Have you checked your settings? What substrate are you using and what temp/time/pressure are you using. Black is the hardest color to sublimate and the last color to sublimate. Most itme are pressed at 400 degrees. Check you heat press and make sure it reaches a true 400 degress. Using a laser gun is not good enough. I recommend a candy them.


----------



## raygold (Aug 13, 2009)

When you use the black color it ALLWAYS mix's with the yellow make sure you are not having problems with the yellow ink supply.
Good luck
AllaPS
Try RGB setting


----------



## oneeyedjack (Mar 7, 2007)

Like Red said check and make sure your not printing in CMYK as somehow in photoshop it got switched to CMYK and the blacks were coming out brown.

Gary


----------



## gadgetsboy (Sep 1, 2009)

Hi all and many thanks for your replys.

Uncletee- tried black & white profile when printing and black is perfect.

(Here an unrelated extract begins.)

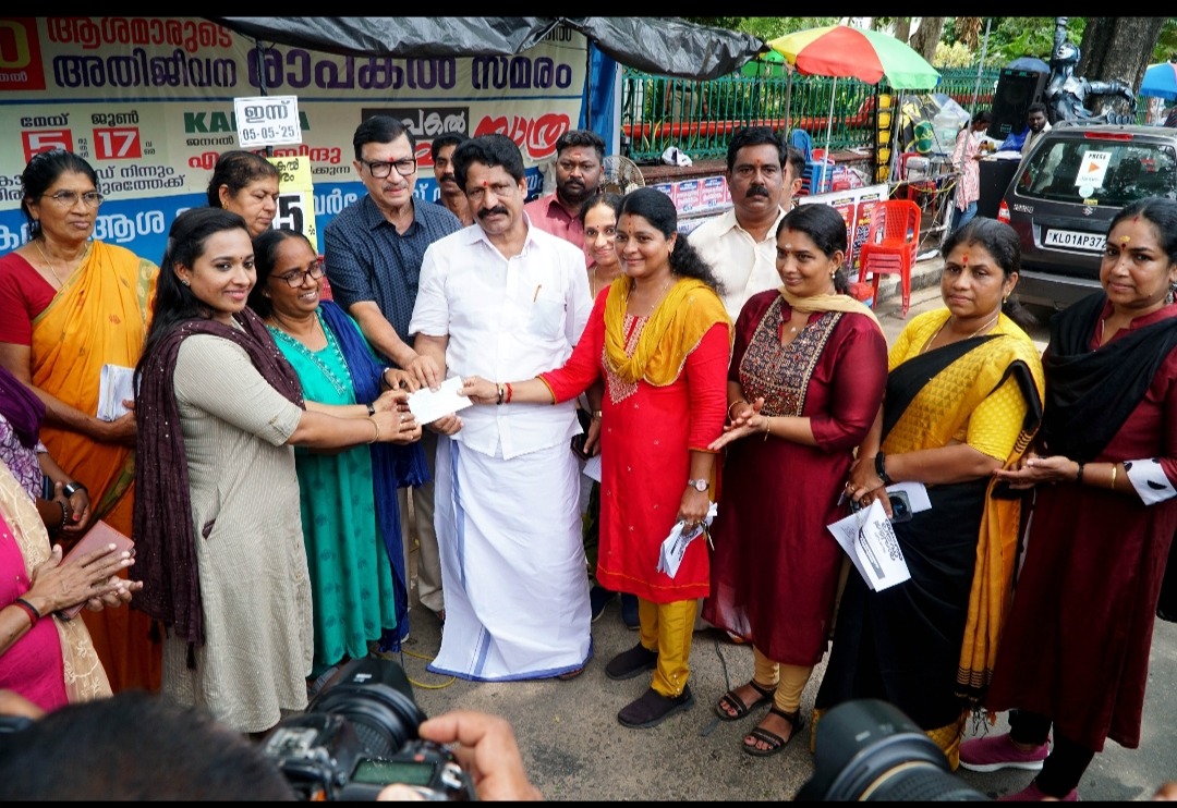 തിരുവനന്തപുരം: കേരള ആശാ ഹെല്ത്ത് വര്ക്കേഴ്സ് അസോസിയേഷന് സംസ്ഥാന ജനറല് സെക്രട്ടറി എം.എ.ബിന്ദു നയിക്കുന്ന രാപകല് യാത്രയ്ക്ക് ആദ്യ സംഭാവനയുമായി അമേരിക്കന് മലയാളി.തുശ്ചമായ ഓണറേറിയം വര്ദ്ധിപ്പിക്കണമെന്നാവശ്യപ്പെട്ട്് മുന്ന് മാസത്തോളമായി സെക്രട്ടേറിയറ്റിനു മുന്നില് നടക്കുന്ന ആശവര്ക്കര്മാരുടെ രാപകല് സമരത്തെ പിന്തുണച്ച് അമേരിക്കയില് ആദ്യ കാലം കുടിയേറിയ നേഴ്സും പൊതുപ്രവര്ത്തകയുമായ പൊന്നുപിള്ളയാണ് പെന്ഷന് തുകയില് നിന്ന് ഒരുലക്ഷം രൂപ നല്കിയത്. രാപകല് യാത്ര കാസര്കോട് ആരംഭിച്ച ദിവസം തന്നെ തിരുവനന്തപുരത്തെ സമരപ്പന്തലില് അസോസിയേഷന് സംസ്ഥാന വൈസ് പ്രസിഡന്റ് എസ്.മിനിയ്ക്ക് നഗരസഭയിലെ വനിതാ കൗണ്സിലര്മാരായ ആശാനാഥ്, സുമിബാലു, ഒ.പത്മലേഖ, പി.എസ് ദേവിമ, വി.മീനദിനേഷ് എന്നിവര് ചേര്ന്ന് ചെക്ക് കൈമാറി. കൗണ്സിലര്മാരായ എം.ആര്.ഗോപന്,പി.അശോക് കുമാര്, കെ.കെ സുരേഷ്, ഡി.ജി കുമാരന്,ആശാവർക്കർ നേതാക്കളായ ആര്.സി ബീന, ജയാരാജീവ് തുടങ്ങിയവര് സന്നിഹിതരായിരുന്നു.

red514- tried printing the same graphic using rgb and cmyk profiles and the results are the same. dont really know what to look for in the info window

conde tech- im using sublisoft tshirts from hometogifts at 400deg (measures 396) for 80secs 

raygold- what problems am i checking for? i have tried emptying the yellow and black, flushing and refilling with new ink but all the same


----------



## raygold (Aug 13, 2009)

Hi
I only PRESS for 45 Seconds check my web page and look at the ladies T's it has printing on it in assorted colors you can see the black is black and believe or not that is useing Chinese ink at A$40 for 600 ml just over a pint

ARs Personalized Gifts, All gifts designed by you.

Thank you
Allan Williams


----------



## oneeyedjak (Feb 15, 2009)

80 secs would be to long for pressing.Try 55-60 secs light -medium pressure.


----------



## TexSub (Aug 27, 2007)

I agree. 80 sec way too long. Pressing too long can turn black into brownish black. Try the 50-60 seconds. Are you using Sawgrass inks? SG black inks are famous for changing color when pressed too long.


----------



## TJLewis (Jul 26, 2005)

gadgetsboy said:


> I have a feeling from some posts i have read that i need an ISS profile but dont really understand what one is or were to get one from.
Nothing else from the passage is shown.